Sejak keluarnya Undang-undang Perguruan Tinggi (UUPT) No. 12 tahun 2012, pemerintah mulai menggalakkan kebijakan otonomi kampus bagi Perguruan Tinggi Negeri (PTN). Kebijakan ini bertujuan untuk mengurangi subsidi pemerintah dan mendorong PTN secara otonom dapat mengatur serta mengelola penyelenggaraan pendidikan tinggi di masing-masing lembaga. Di dalam UU tercatat ada dua jenis otonomi yang diatur, otonomi di bidang akademik dan non-akademik.

Otonomi kampus juga diwadahi dalam peraturan pemerintah tentang penyelenggaraan pendidikan (PP No. 4 Th. 2014) dalam skema Perguruan Tinggi Negeri Berbadan Hukum (PTN-BH) dan Badan Layanan Umum (PTN-BLU). Dua skema tersebut dalam pelaksanaannya memungkinkan perguruan tinggi negeri mengelola aset yang diberikan negara (PTN-BH) serta membuka kesempatan untuk bekerja sama dengan pihak ketiga, mendapat hibah dan membuka unit usaha.

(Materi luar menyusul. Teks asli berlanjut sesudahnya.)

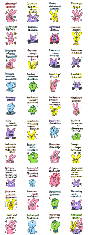 ひとつめモンスターズの英語と日本語のBIGスタンプが登場!英語の勉強や、外国人の友達とのLINEのやりとりなどに使ってみてね!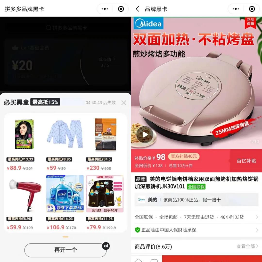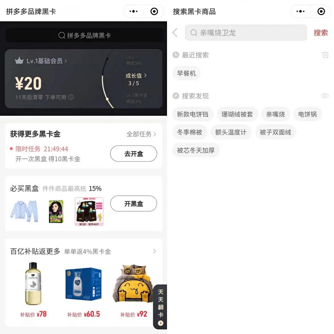通过设定、改变移除用户心中的参照物,达到用户评价体系的方式叫做锚定效应,常见的活动形式为秒杀价、限时折扣,拼多多品牌黑卡小程序通过设置抵扣价格、补贴价格,返现金的形式,从视觉到氛围,让用户感受到优惠。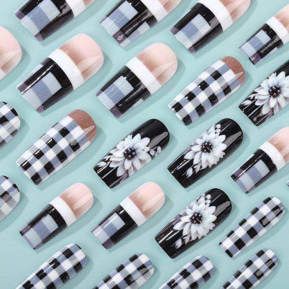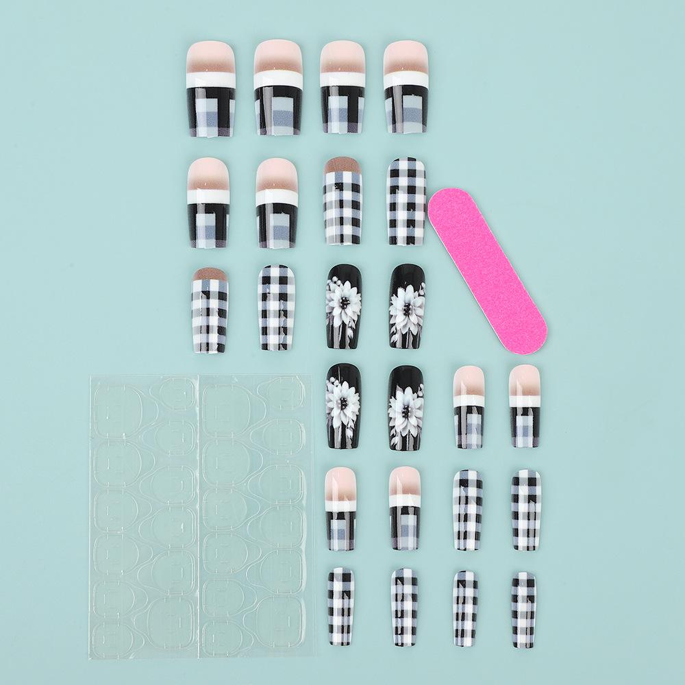 | Name | 24pcs Long Square Press-On Nails–Glossy Black & White Checkered |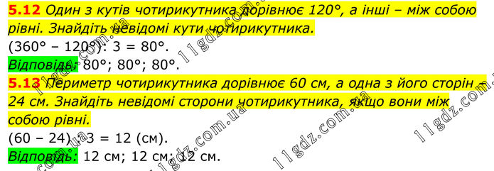 5.12 Один з кутів чотирикутника дорівнює 120°, а інші – між собою рівні. Знайдіть невідомі кути чотирикутника. (360° – 120°): 3 = 80°. Відповідь: 80°; 80°; 80°. 5.13 Периметр чотирикутника дорівнює 60 см, а одна з його сторін – 24 см. Знайдіть невідомі сторони чотирикутника, якщо вони між собою рівні. (60 – 24) : 3 = 12 (см). Відповідь: 12 см; 12 см; 12 см.
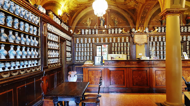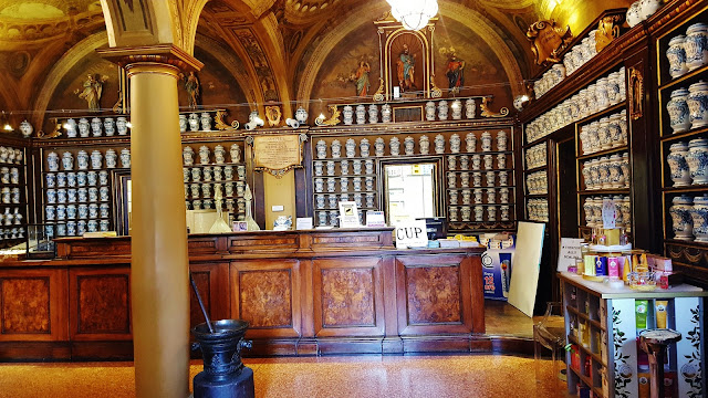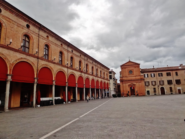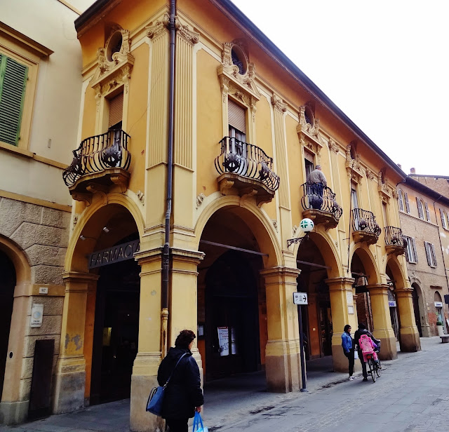 Continuando por la Vía Emilia se llega a un edificio civil con gran historia, La Farmacia dell´Ospedale. Se sitúa en un edificio que fue parte un antiguo hospital, trasladándose en el año 1766 la farmacia para con unas reformas dotar de su aspecto actual en 1794.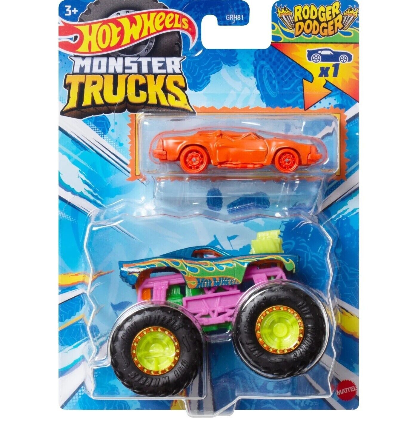 Hot Wheels Monster Trucks Rodger Dodger 1:64 + Bonus Crushed Die Cast Car NEW
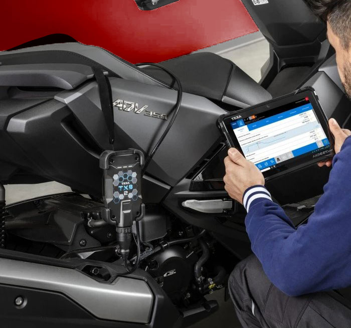 Δεν παίζουμε με τα ηλεκτρονικά της μηχανής σου. Η διαγνοση βλαβης πραγματοποιείται αποκλειστικά με το επίσημο μηχάνημα TEXA TXB2, το οποίο μας δίνει πλήρη πρόσβαση στον εγκέφαλο (ECU) της μοτοσυκλέτας σου, προσφέροντας δεδομένα σε πραγματικό χρόνο, όπως ακριβώς στα επίσημα εργοστασιακά συνεργεία.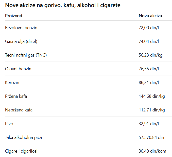 Bujanovac, 9. februar 2026. Vlada Srbije usvojila je nove iznose akciza na gorivo, kafu, alkohol i duvanske proizvode, koje će se primenjivati od 15. februara 2026. godine, a povećanja su uglavnom posledica usklađivanja sa prošlogodišnjom inflacijom, objavljeno je u Službenom glasniku.
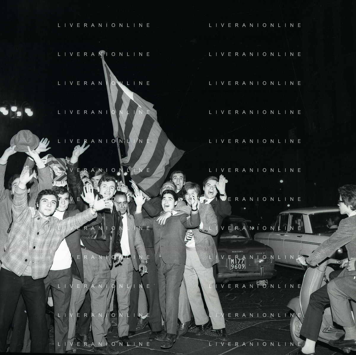 1969 MILANO FESTEGGIAMENTO DEI TIFOSI DEL MILAN CALCIO PER LE VI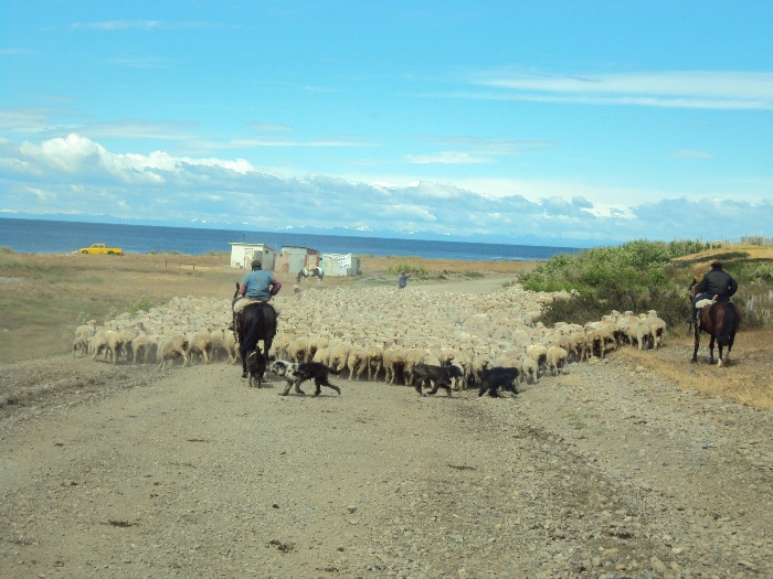 Schafherde kreuzt auf der Y85 km 34 /- Bahia Inutil

Kedua hal tersebut sudah sejak lama ditolak sebab merupakan ekses dari ratifikasi nota kesepakatan GATS yg dirancang IMF untuk me-liberalisasi sektor jasa, salah satunya pendidikan. Pada akhirnya, pemerintah/negara tidak lagi bertanggung jawab penuh atas penyelenggaraan pendidikan.

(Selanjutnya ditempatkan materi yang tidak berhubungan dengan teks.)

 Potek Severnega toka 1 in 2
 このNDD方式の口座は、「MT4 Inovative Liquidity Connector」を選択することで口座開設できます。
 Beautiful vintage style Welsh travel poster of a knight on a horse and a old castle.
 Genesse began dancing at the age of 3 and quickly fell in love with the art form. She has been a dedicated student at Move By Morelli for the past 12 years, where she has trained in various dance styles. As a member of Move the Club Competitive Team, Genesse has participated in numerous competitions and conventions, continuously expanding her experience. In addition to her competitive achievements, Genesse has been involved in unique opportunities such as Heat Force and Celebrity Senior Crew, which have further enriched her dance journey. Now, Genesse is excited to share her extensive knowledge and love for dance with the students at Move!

Buntut dari kebijakan otonomi ini adalah seretnya dana yang dimiliki kampus untuk memenuhi kebutuhan operasional. Logika otonomi sejatinya mengedepankan peningkatan kualitas lembaga agar dapat membangun kerjasama dan mendapat dana hibah lewat produk riset yang ideal. Namun, banyak PTN yang lebih memilih jalan pintas untuk meraup dana, yaitu dengan membebankannya kepada mahasiswa.

Alhasil, biaya yang harus ditanggung oleh mahasiswa setiap tahun makin meningkat. Dilansir dari Tirto.id, berdasarkan survei yang dilakukan Bank Indonesia di Yogyakarta pada tahun 2015, terdapat peningkagan biaya kuliah dari tahun sebelumnya sebesar 53% untuk program diploma dan 18% untuk program sarjana. Sedangkan diwilayah lain, peningkatan biaya kuliah juga terjadi meskipun survey yang komprehensif sampai saat ini belum dapat saya akses.

Selain meningkatkan biaya uang kuliah tunggal, PTN juga mencari dana dari sumbangan awal atau yang lebih dikenal sebagai uang pangkal. Dasar dari penerapan uang pangkal di PTN tercantum dalam pasal 8 Permenristekdikti No. 39 tahun 2017. Dalam aturan tersebut, PTN diperbolehkan untuk menarik uang pangkal kepada mahasiswa yang diterima melalui beberapa jalur, yaitu Mandiri, Kelas Internasional, Mahasiswa Asing, dan Mahasiswa yang diterima dari jalur sarjana. Inilah solusi singkat yang diambil oleh PTN untuk memenuhi kebutuhan dananya, bukan dengan peningkatan dan perbaikan kualitas produk unggulan yang dapat menarik pihak ketiga menjalin kerjasama atau memberi hibah.

Jalan keluar yang diambil oleh PTN dengan mengkambing-hitamkan pemerintah yang mengurangi subsidi serta membebankannya kepada mahasiswa memunculkan pertanyaan terhadap kemampuan lembaga PTN mengadopsi skema otonomi (PTN-BH dan BLU). Jika dampak yang muncul malah masalah biaya kuliah yang semakin naik tiap tahunnya, masihkah skema tersebut dipertahankan? Bukannya mendorong kualitas perguruan tinggi, skema tersebut malah semakin mempersempit akses masyarakat untuk dapat menikmati pendidikan tinggi.

Iklan

Evaluasi terhadap kebijakan pendidikan tinggi patut kita tuntut kepada pemerintah agar ke depan seluruh  masyarakat Indonesia dapat memenuhi haknya menempuh pendidikan di setiap jenjang. Regulasi yang mengatur otonomi kampus harus segera direvisi, bahkan dicabut dan diganti dengan sebuah regulasi yang berpihak pada masyarakat, khususnya yang berada pada tingkat ekonomi menengah ke bawah. Ini sepenuhnya merupakan amanat konstitusi bangsa bahwa tanggung jawab negara adalah untuk mencerdaskan kehidupan bangsa.